Please pray for us - Ed and Maria N. thank you so much! We really appreciate it!
How do you ladies cope with this? Maybe I should buy a sewing machine and learn how to sew! What brand of sewing machine do you ladies recommend??
I LOVE your beautiful aprons Karey - you are so talented!
All of you ladies are in my thoughts and prayers.
prayrosary4life@aol.com
http://hailmaryfullofgrace-mt.blogspot.com/
Love,
Maria <----still praying for a miracle for all of us!
Sew - No, I haven't taken B6 since I first started charting over two years ago. I took it for a few months then stopped for some reason. So this is all me!
ReplyDeleteMaria - Have you checked the Bishops' website for approved treatments? It's very helpful: http://www.usccb.org/prolife/issues/nfp/
treatment.htm
Wow all this mucus on your own that's amazing!! Your body is doing something good!!
ReplyDeleteHave a beautiful Christmas and a great time with your family!!

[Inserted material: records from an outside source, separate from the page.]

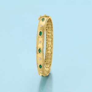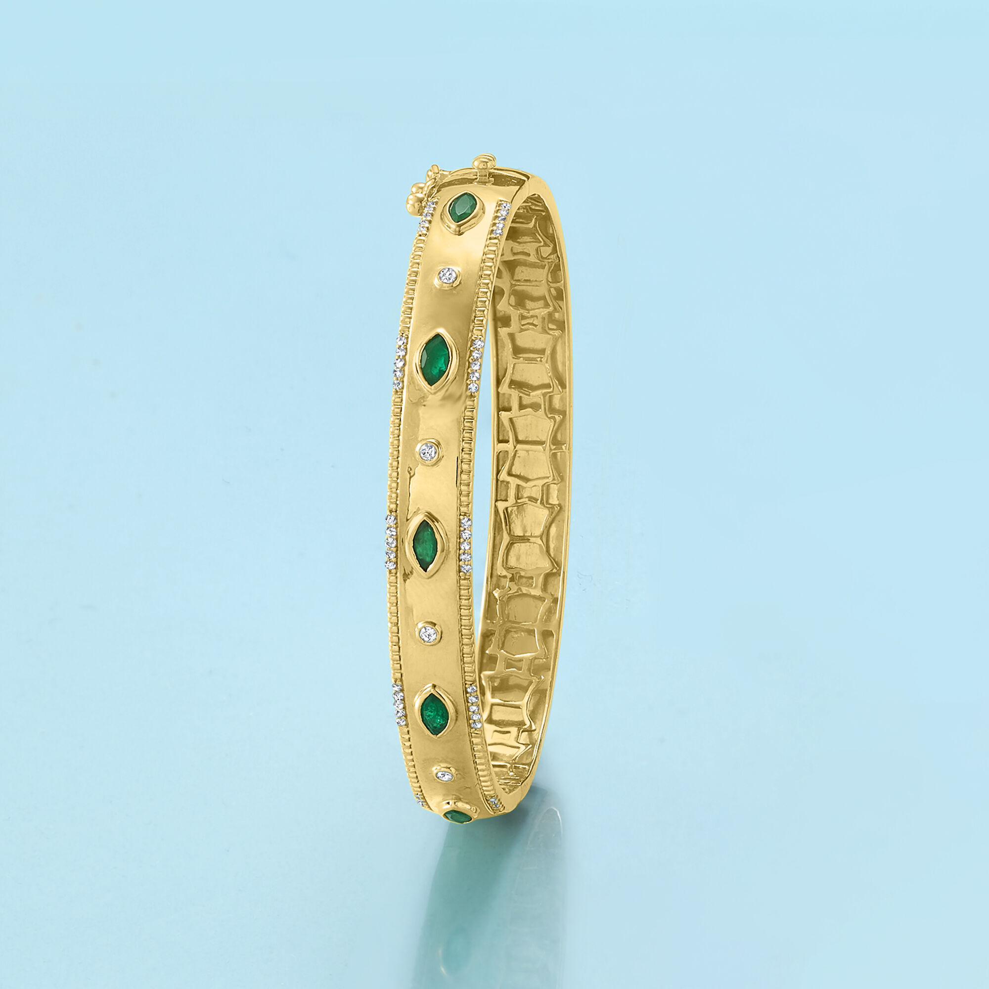 .80 ct. t.w. Emerald and .26 ct. t.w. Diamond Bangle Bracelet in 18kt Gold Over Sterling
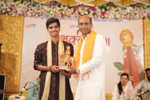 The programme featured a captivating performance by renowned young classical vocalist Rajyog Dhuri, who mesmerised the audience with a beautiful प्रस्तुती of Abhang and Natya Sangeet, creating a spiritually uplifting atmosphere.
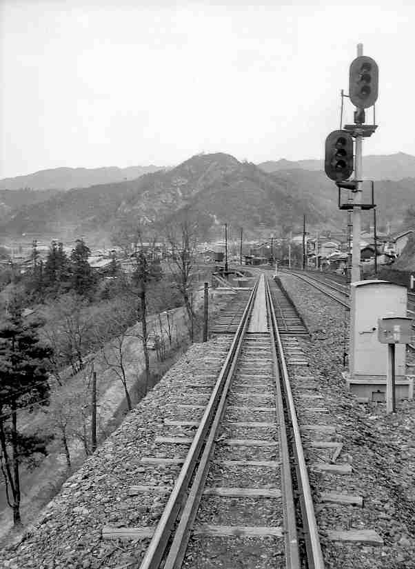 | 同場所で反対側を撮ってみました。左は上松に向かい、右側が鬼淵駅の手前のヤードでスイッチバックして小川線で赤沢に向かう線路と想像できます。手前は王滝線のヤードです。この正面の建物がここの複雑な線路切り替えを操作していた、信号小屋です。この日は日曜日だったため、職員はおらず、カーテンで締め切られています。まだ直前まで小川線が生きていた時代です。全て手動テコです。 |

Merry Christmas. I know how difficult Christmas can be when you are dealing with infertility. Will be asking St. Anne's prayers for you and your husband.
ReplyDeleteI was actually diagnosed with PCOS by using the Creighton model in 2001. My husband and I are also Catholic. After conceiving two boys using monitored clomid cycles I became pregnant for the third time(a BIG SURPRISE even though we were still using the Creighton model) I am due next month with a girl.
ReplyDeleteBut if you indeed have PCOS I would highly recommend the Insulite PCOS System http:. //pcos.insulitelabs.com/ I also was following the diet recommended in Dr. Nancy Dunne's The Natural Diet Solution for PCOS and Infertility just to keep my PCOS symptoms under control. I really think my body was healed to the point that I became pregnant on my own.
You can also consult with Dr. Hilgers who helped to develop the Creighton Model at the Pope Paul VI Institute. He has helped many women with PCOS get pregnant.
Blessings,
Amy
Cycle day 18 - 19 doesn't seem late to me. Average is CD14, so 18 looks pretty good to me! I'm ovulating on like CD30+...that's late! When will you get back from your family visit? We're all going to look forward to your cycle update when you return. Wishin gyou a safe journey & a Merry Christmas!